The campaign to normalize women retaining their own names after marriage received a boost early this month with the passing of House Bill 10459. HB 10459 seeks to clearly and categorically state that a married woman can still opt to use her “maiden first name and surname,” adding to what is already provided for in our Civil Code. It was a moment of relief, celebration, and validation for women who value the symbolic and practical effects of such a bill.

Of course, this was, and is, not always the norm. The practice had specific western origins that were tied to mainstream notions of economics and religiosity (here is a comprehensive but highly readable article on the history of this practice). And there are currently various other naming practices in other parts of the world that follow different conventions.

Among the Pantaron Manobo communities I work with, for example, the use of surnames was a relatively recent development that came with State census-taking, and was further regularized by formal schooling. For many of my friends, their current surnames are actually the personal name of an admired or respected ancestor that were picked for this purpose. But similar to our own practice, these ancestors whose names were re-adapted were almost always male.

Prior to this, personal names sufficed for members of Manobo communities. Even until today an individual can acquire and be called several different names throughout their lifetimes, such as funny or affectionate nicknames that catch on with the rest of the group, or additional personal names that reflect a life event or achievement.

To a certain degree they also practice teknonymy, or the custom of referring to adults using the names of their children. Our interlocutors don’t characterize this as a hard and fast rule, but you often hear it used in daily conversations among people of all ages: “Go and fetch so-and-so’s mother,” or “I just spoke with so-and-so’s father,” for example.

In communities that developed this practice (including many in the Austronesian-speaking world), this could be related to showing respect, or socially affirming an adult’s crucial new role as a parent. Anthropological studies have suggested that this also reflects a different orientation in reckoning kinship and how intergenerational relationships are valued. With teknonyms, it is children—or future generations—that are given emphasis, unlike with surnames that are usually more evocative of past ancestry.

Given that surnames are a recent phenomenon and that teknonymy is present in their communities, does that mean that the Manobo have no durable way by which to trace actual kin relations and links with the past? I’ve been thinking of this question for some time and I would argue that there still is—but it cannot be found in the realm of names and naming.

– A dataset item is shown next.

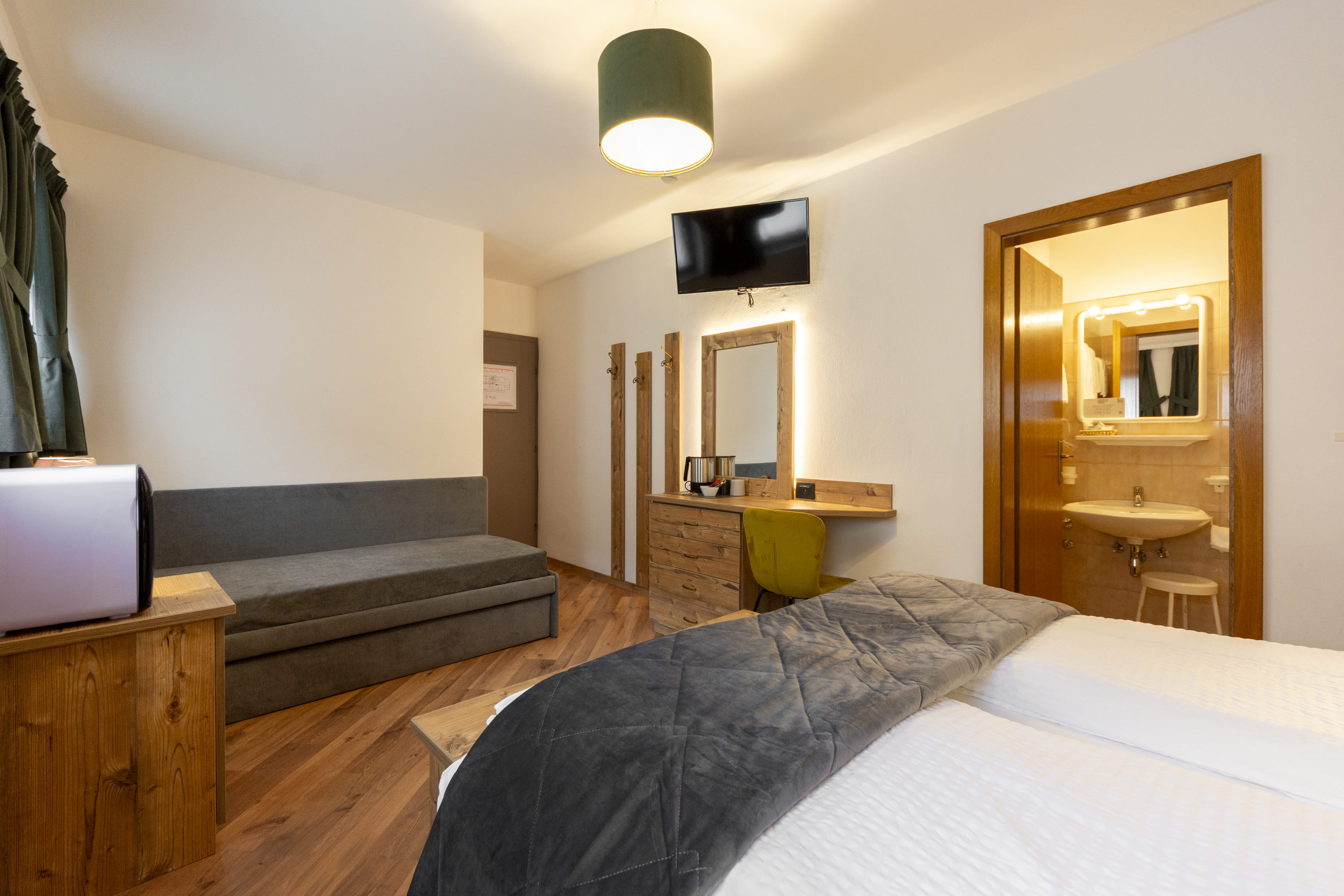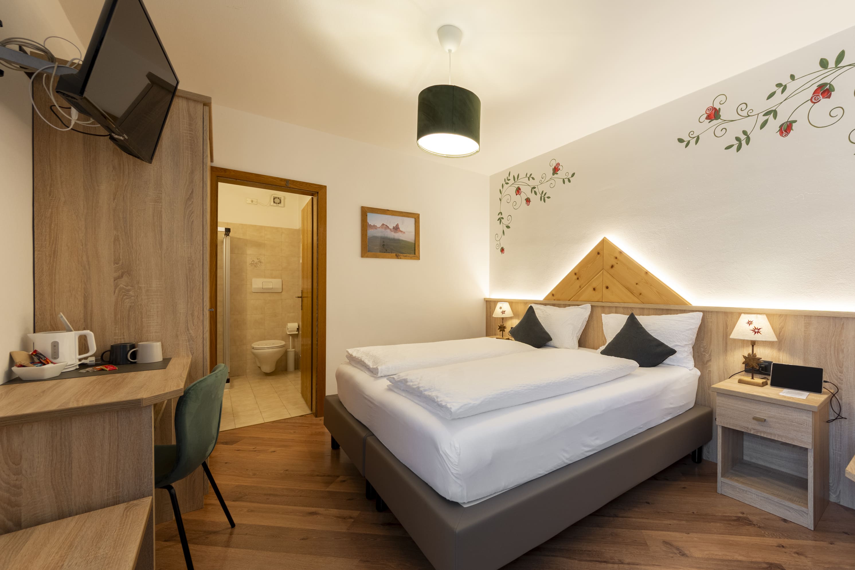 Alcune dotate di balcone, sono inoltre fornite di scrivania per eventuali necessità lavorative e un bagno con set di cortesia. Sia che tu sia in viaggio per lavoro o per piacere, le nostre Dolomites Room ti faranno sentire come a casa.

I believe the key may lie in Manobo post-marital residence rules. Post-marital residence rules are social prescriptions about where newly-wed couples are expected to live, and these have implications about kin membership and loyalty, economic arrangements, and interpersonal relations, among other matters. For example, in “industrial” societies like ours, there is an increasing expectation to be neolocal: young couples establish their own independent households. This may be because we value self-sufficiency and pulling oneself by one’s own bootstraps, as well as privacy and being unrestricted by parental authority.

On the other hand, in “non-industrial” societies these rules are often a choice between patrilocality, or staying with the groom’s family, or matrilocality, staying with the bride’s family. In Manobo communities their rule is matrilocality, and as far as our surveys can tell, this rule is still largely followed (though like teknonymy, it isn’t described as a hard and fast one). This has the effect that many (if not all) of a couple’s children are born in the village of their mother and raised by her family. When these children grow up, the girls continue to stay in their village even after marriage, while their brothers marry out and live in the villages of their brides. Men don’t cut ties with their birth villages and remain close and caring towards members of their natal family, but their own children would be socialized in their early years in the mother’s family and not the father’s. For women, on the other hand, matrilocality keeps their generations together: mothers and their daughters, and their daughters’ daughters could expect to remain with each other to provide support and companionship.

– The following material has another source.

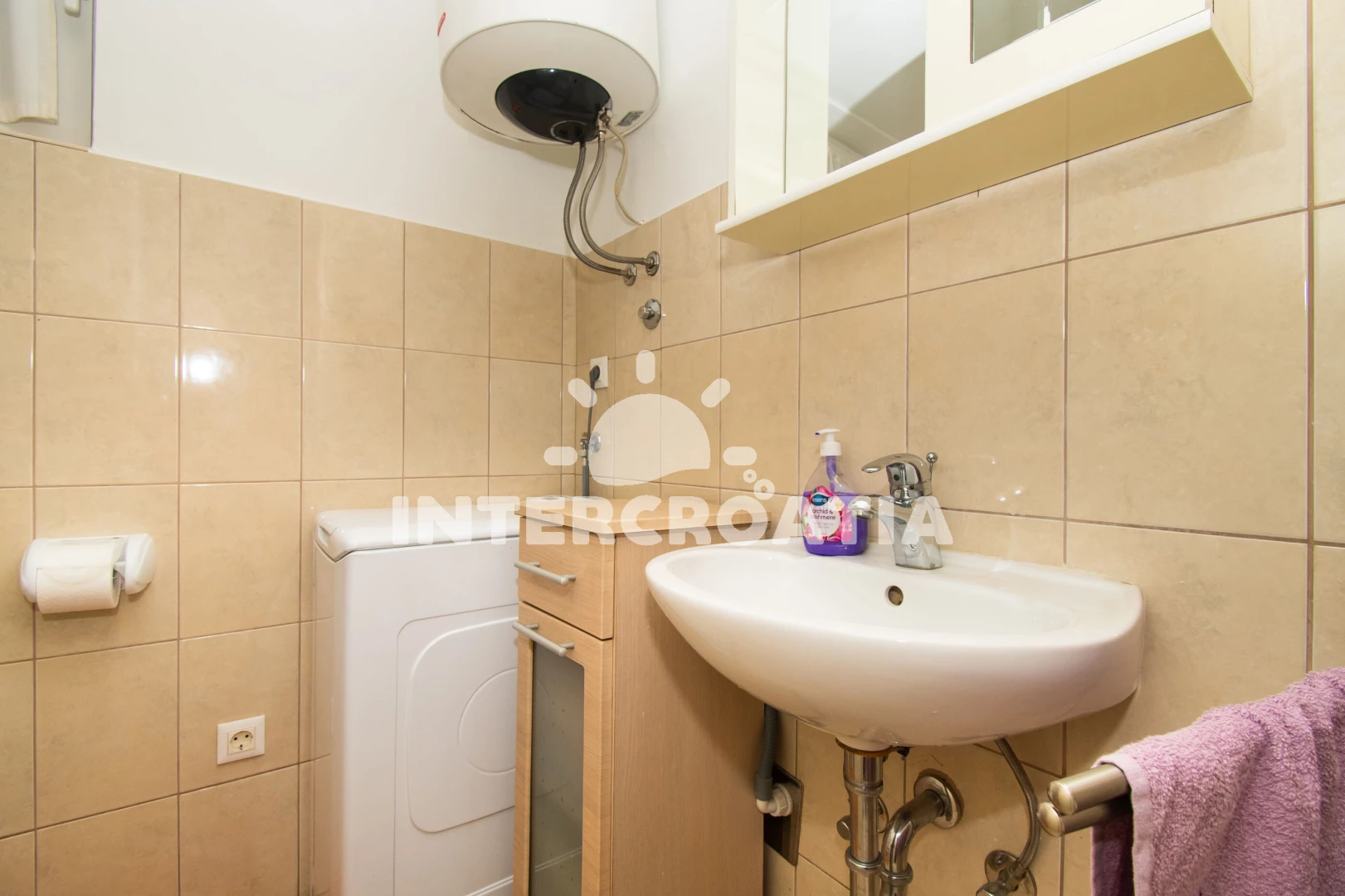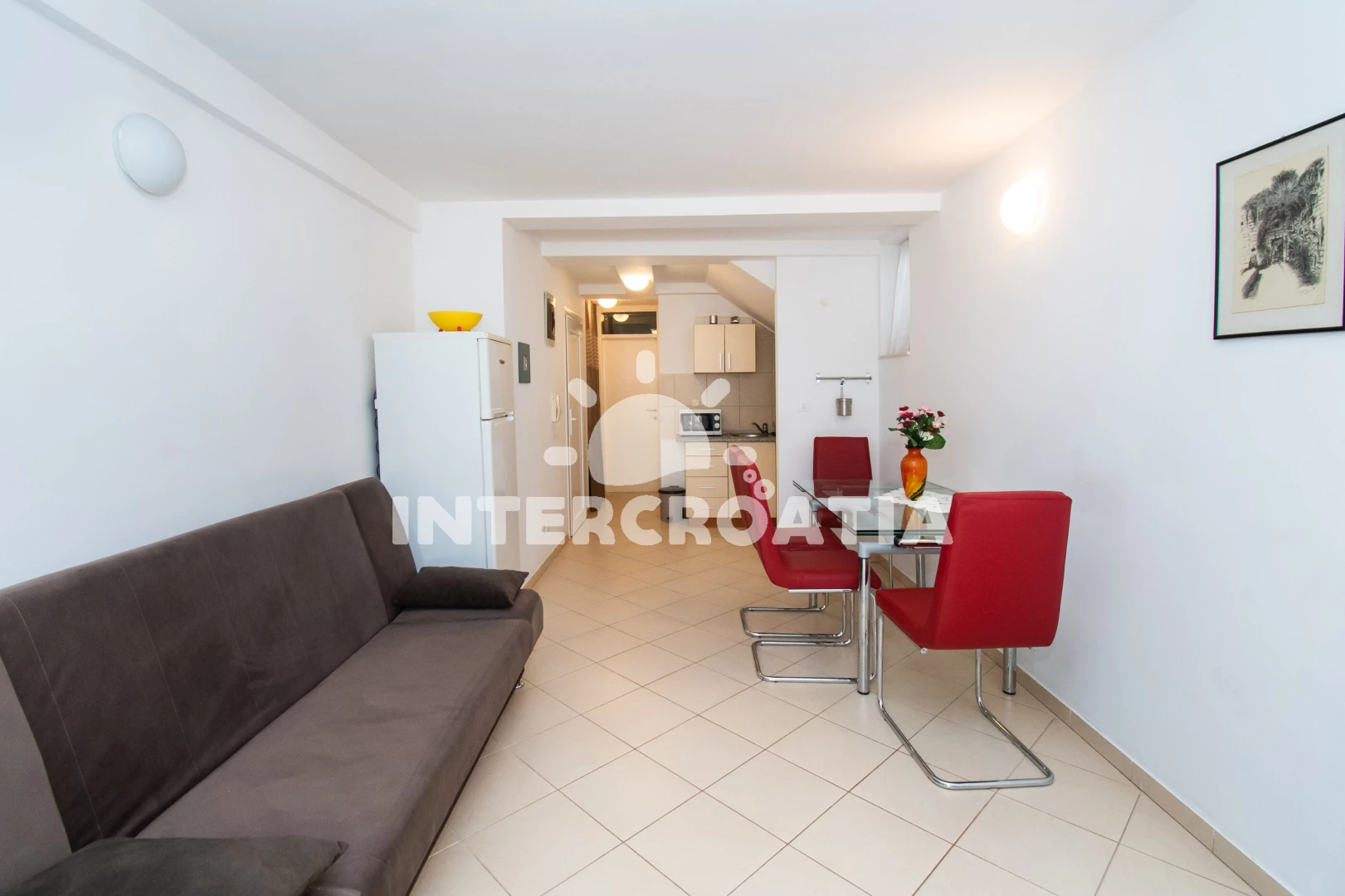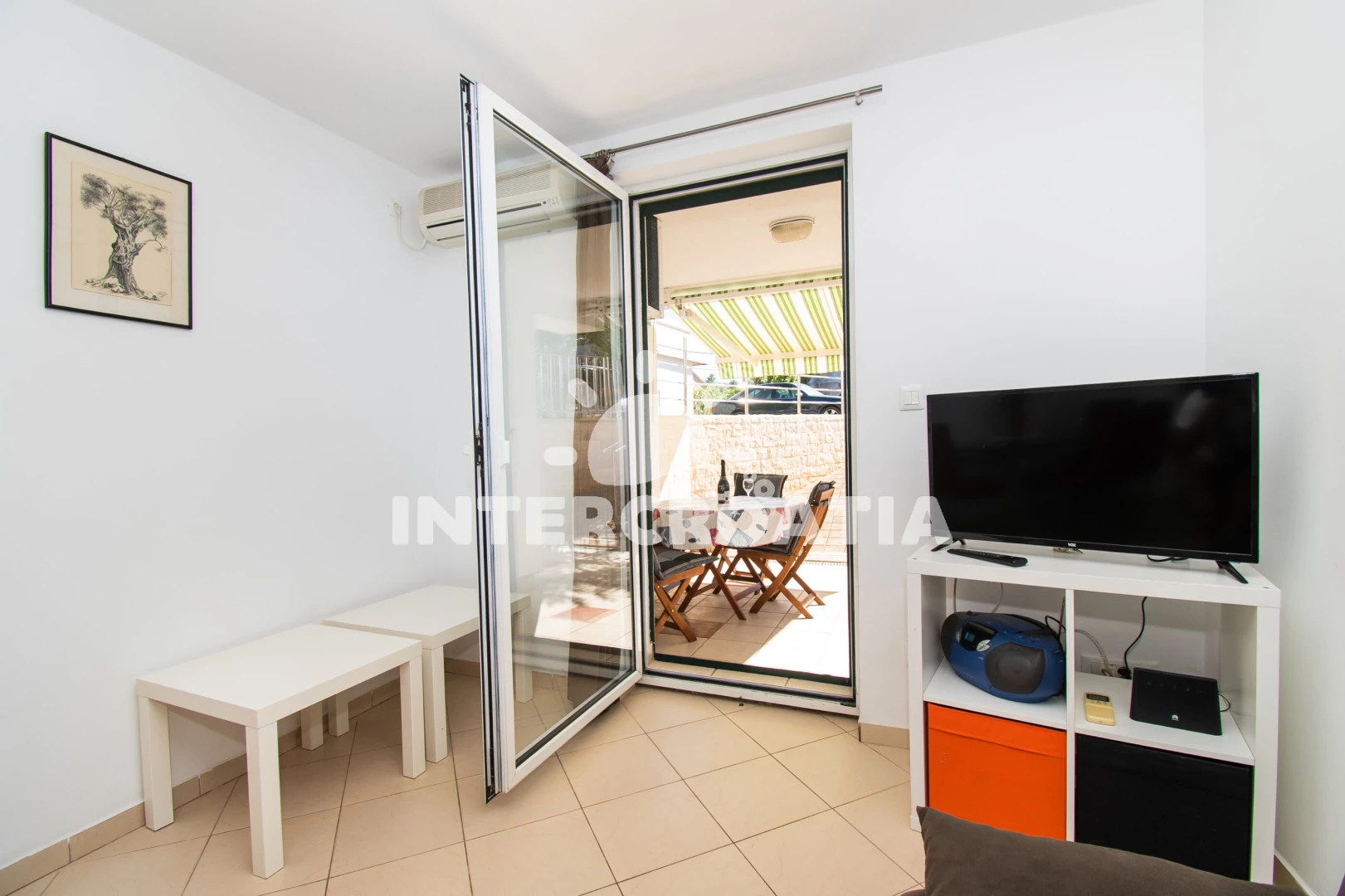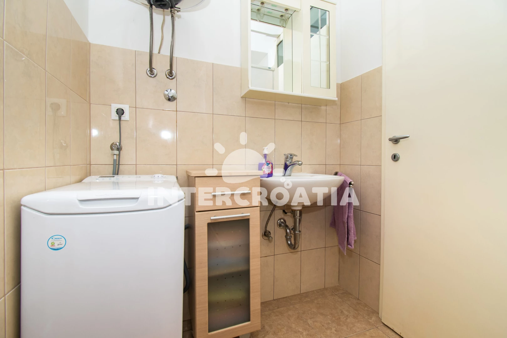 Apartmán se nachází 65 m od moře a pláže. Pláž je skalnatá, oblázková, větší kamení a betonové desky.

Manobo adults are very fond of traveling and moving around their landscape, whether to trade, to visit, or simply because of wanderlust, and so remembering their birth villages is important because this gives them a sense of rootedness in the vast Pantaron mountains. They may not state this as a formulaic rule, but it is deeply apparent in how passionately they speak about their natal settlements with their mother’s families. What’s notable here is that these linkages of birth villages can be traced through women, specifically the wives, mothers, and daughters who raise children together. If in our society the surname we inherit from our fathers are the socially-recognized stable labels of family and identity, for the Manobo it is women and their villages who provide analogous stable place-based way-points of personal histories and kin relations across their ancestral domain.

With HB 10459, it’s about time we catch up with our Manobo siblings in recognizing the significance of lineages traced through women. If this bill becomes law, this will also be a noteworthy step in integrating our indigenous values in our present institutions and current times.